3Q20 RAIL SHIPPER SURVEY

“Shippers anticipate rail prices to increase by 3.1% over the next 6-12 months, another healthy step up from 2.3% in last quarter’s survey and only 1.9% in 1Q. The 3.1% result is above rail cost inflation, (slightly) above the survey’s the five-year average of 3.0% but still below the survey’s long-term ten-year average of 3.6%.

“Business growth expectations improved 180bps sequentially, the survey’s highest response since 1Q19. The percentage of shippers expecting their employee counts to increase over the next 12 months increased 1,400bps from last quarter’s response, with only 10% of shippers expecting their employee count to decrease. Similarly, 56% of shippers answered that they are more confident in the direction of the economy today than they were three months ago, the survey’s highest response since 3Q18 and above the survey’s 47% average.

“Finally, business levels over the past few months were “positive” for ~60% of respondents, up from only 32% last quarter and in line with the survey’s average. In 3Q, KCS received the highest “positive” rating, followed by BNSF. The average “positive” rating of Class I rail service increased sequentially to 57% from 55% in 2Q, with KCS improving the most and CNI, Ferromex, and UNP receiving worse ratings. The average y/y increase in “positive” ratings in 3Q20 vs. 3Q19 was 440bps, compared to a 700bps decrease n 2Q20. KCS improved the most y/y, followed by CP, BNSF, and Ferromex. CNI declined the most y/y.

“3Q20 ratings for the railroads were 470bps better, on average, then the five-year average rating, with only CNI coming in worse than its five-year average. CSX’s rating was the highest relative to its five-year average, with BNSF and CP also improving by more than 500bps. KCSM again received a better rating than its Mexican peer Ferromex.

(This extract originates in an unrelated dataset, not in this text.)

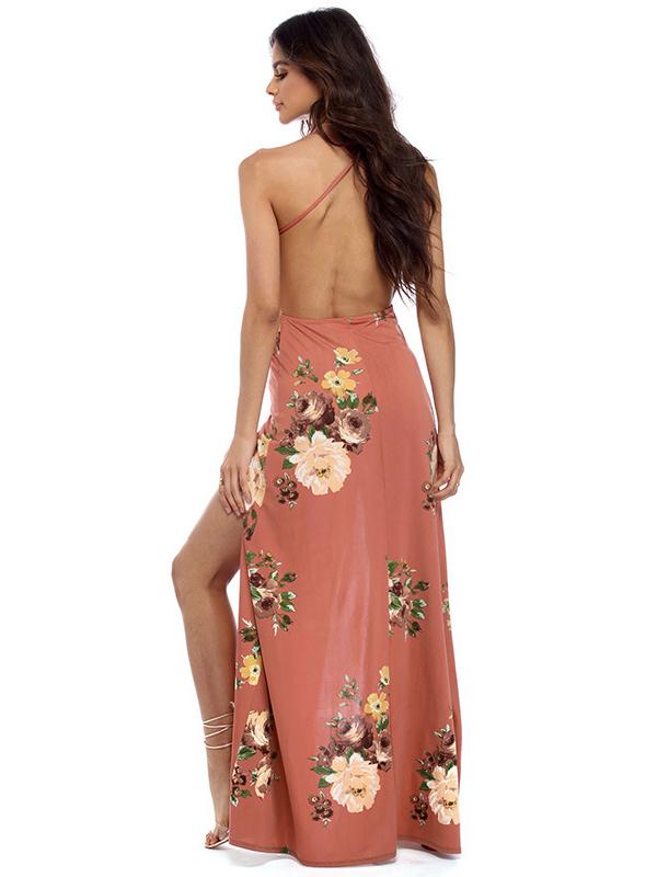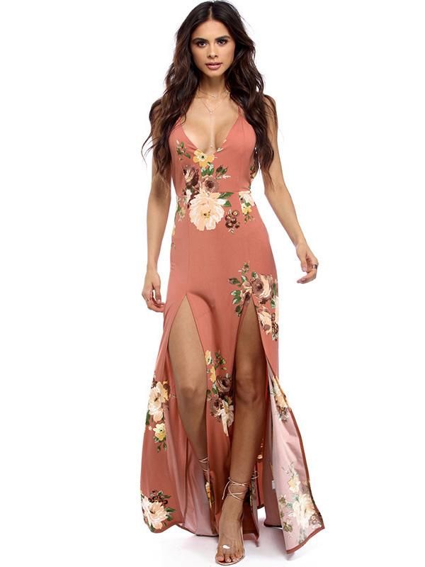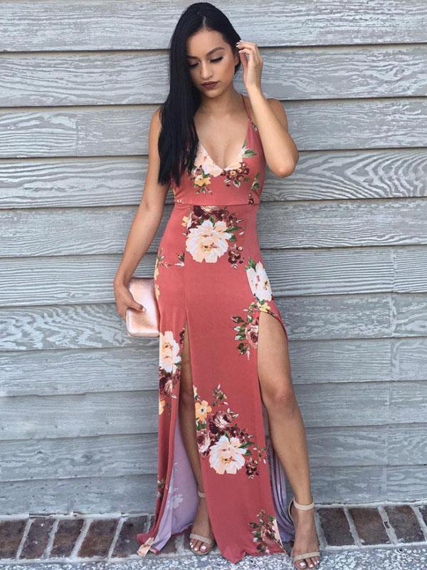 Sexy V-Neck Printed Spaghetti-Neck Split-Front Maxi Dresses

“51% of shippers who answered our 3Q survey indicated that their business is back to running at pre-COVID-19 levels, while 49% answered that it isn’t. This answer was surprising and a negative sign regarding the individual businesses of the survey’s diverse shipper base. Among shippers whose businesses are still running below pre-COVID-19 levels, the largest percentage of shippers answered that their businesses are only 6-10% below pre-COVID levels; however, 18% answered that their business is 26%+ below pre-COVID levels.

“We believe that Outperform-rated NSC and UNP, as well as Market Perform-rated CSX, have the best chances to beat Street estimates. Per multiple Wall Street Journal reports over the summer, KSU was approached regarding a buyout by PE. We still favor the stock, with our fundamental thesis regarding PSR and revenue growth from supply chain shifts intact, and now augmented by takeout potential.”